Loading dataset cal_housing....
Splitting into train/val/test with 12384/4128/4128 samples
Done loading dataset cal_housing
Coeff of determination (R^2) on Train: 0.61
Coeff of determination (R^2) on Test: 0.6
[Calibration Split]
 1) Check score before calibration=3.1939690113067627 
 2)Check score after quantile calibration=3.1262903213500977 
 3) Check score after dist calibration=3.050403356552124
[Test Split] 
 1) Check score before calibration=3.199695587158203 
 2) Check score after quantile calibration=3.1359283924102783 
 3) Check score after dist calibration=3.0494537353515625


Above, we see that after performing distribution calibration, the check score improves in comparison with the quantile calibration baseline (Kuleshov et al. 2018). 

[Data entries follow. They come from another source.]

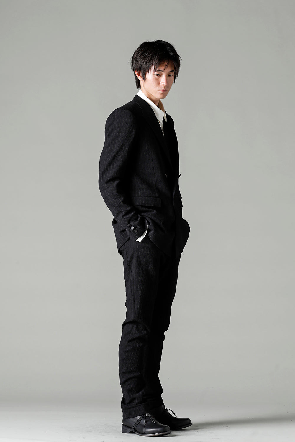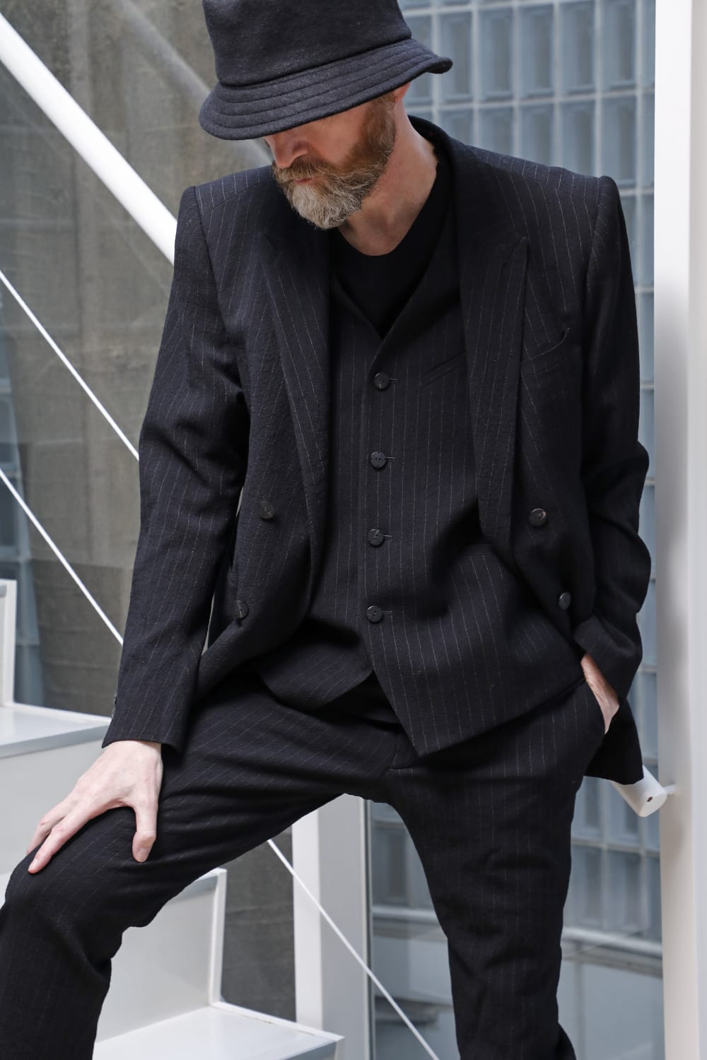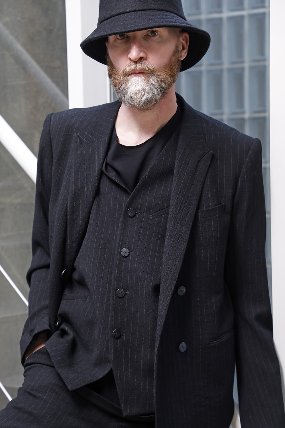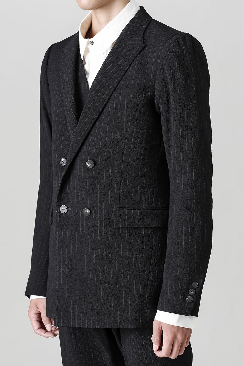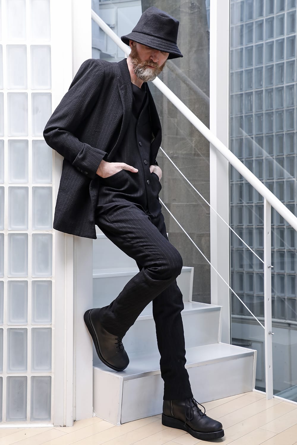 デザインはDEVOA定番のクラシックなテーラードジャケットをベースに、ピークドラペルで制作。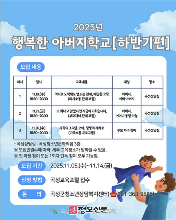 ![]() 곡성군청소년상담복지센터, 행복한 아버지학교 10기[하반기편]참가자 모집 |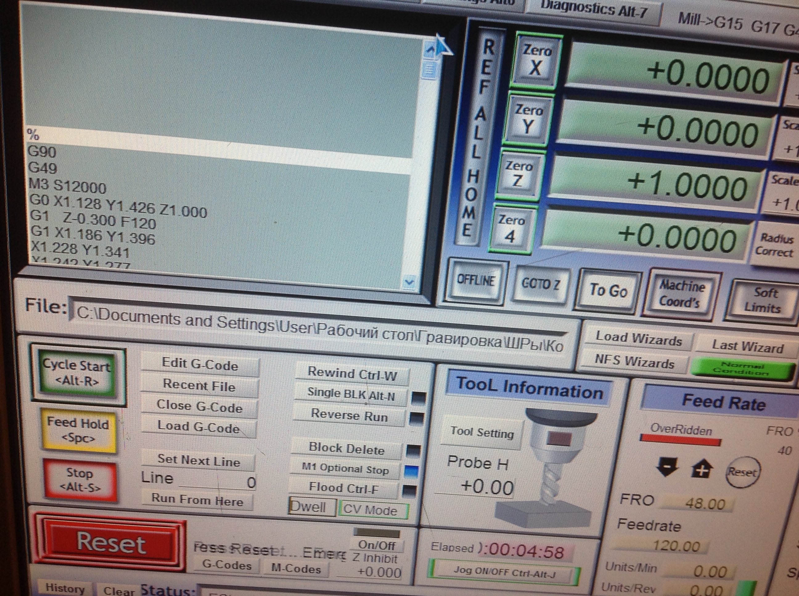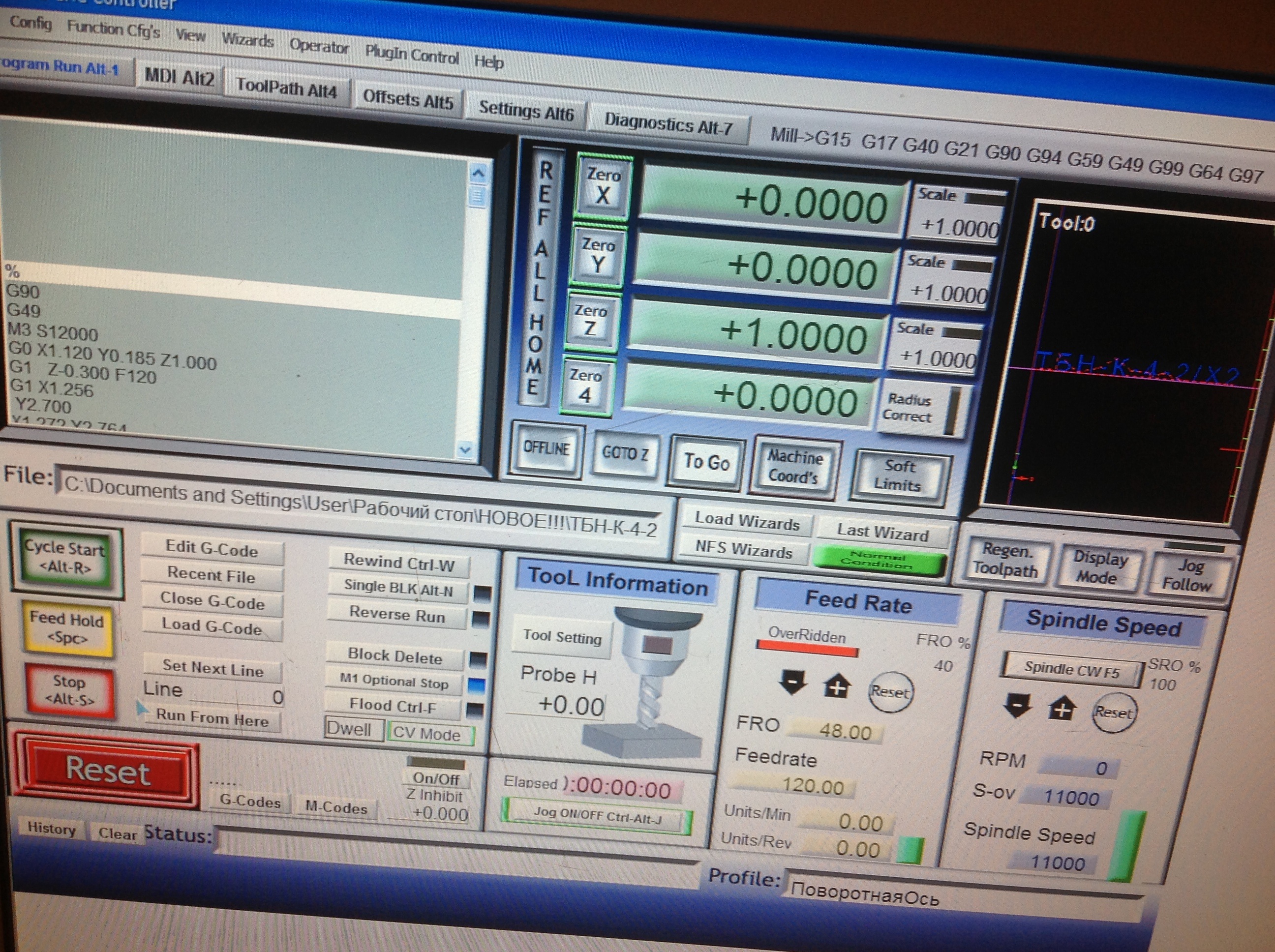 Доброго времени суток всем )))) работал с настроенной 4-ой осью.гравировал разъемы.сегодня до меня работал другой человек и что то нажал походу.теперь надпись гравируется зеркально да еще задом на перед.ось крутиться в другую от обычного сторону Помогите советом где кнопка? Создаю программу с арткаме,гравирую в мач3. Причем в маче в синем окошке(да простят меня за такие не цензурные выражения ) программа идет как надо. И в Арткаме все гуд.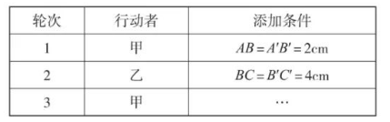 (1) 若第 3 轮甲添加 $A C=A^{\prime} C^{\prime}=5 \mathrm{~cm}$, 则乙获胜;

## Conclusions and closing thoughts




In this blog, we saw that accurate predictive uncertainties are fully characterized by two properties—calibration and sharpness. We argued that predictive uncertainties should maximize sharpness subject to being calibrated (Gneiting et al., 2007) and proposed a recalibration technique that achieves this goal. We demonstrated the implementation of our techniques via the DistCal library on a classification and a regression task. 

Out technique guarantees distribution calibration for a wide range of base models and is easy to implement in a few lines of code. It applies to both classification and regression and is formally guaranteed to produce asymptotically distributionally calibrated forecasts while minimizing regret. Finally, our analysis formalizes the well-known paradigm of Gneiting et al. (2007) and provides a simple method that provably achieves it. This lends strong support for this principle and influences how one should reason about uncertainty in machine learning. We believe that an important takeaway of our work is that calibration should be leveraged more broadly throughout machine learning.